Una nave gasieraUna nave gasiera

EUROPA E DIPENDENZA DAL GNL STATUNITENSE 

 

L’Europa teme un’eccessiva dipendenza dal gas naturale liquefatto (GNL) degli Stati Uniti dopo aver rinunciato all’energia russa, riferisce il New York Times.

A Bruxelles sembrano avere aperto gli occhi, ma è troppo tardi. Dopo l’imposizione di sanzioni contro la Russia e il rifiuto delle sue forniture energetiche, i paesi europei sono stati costretti a cercare rapidamente un’alternativa. L’alternativa si chiama Stati Uniti. 

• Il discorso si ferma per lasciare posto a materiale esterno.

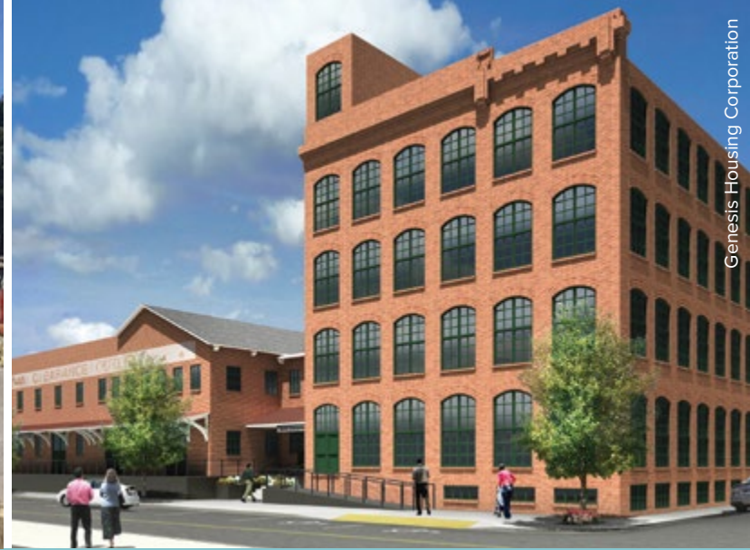
Left: Rebuilding in Mt. Carmel. Right: Beech Street Factory in Pottstown.

Infatti nel vecchio continente è stato deciso di affidarsi alGNL statunitense, che è notevolmente più costoso di quello che forniva la Russia. I produttori degli Stati Uniti attualmente forniscono circa due terzi del gas naturale liquefatto in Europa, che potrebbe aumentare all’80% entro la fine del decennio.

Tuttavia, le relazioni degli Stati Uniti con l’Europa si sono deteriorate da quando Donald Trump è salito al potere. La dipendenza energetica da Washington è diventata motivo di grave preoccupazione tra i funzionari europei. 

“La realtà è che il rapporto si è fratturato enormemente […] Con il dovuto rispetto, generare dipendenza dagli Stati Uniti in un momento come questo non è intelligente”, ha affermato il generale Richard Shirreff, ex alto comandante della NATO.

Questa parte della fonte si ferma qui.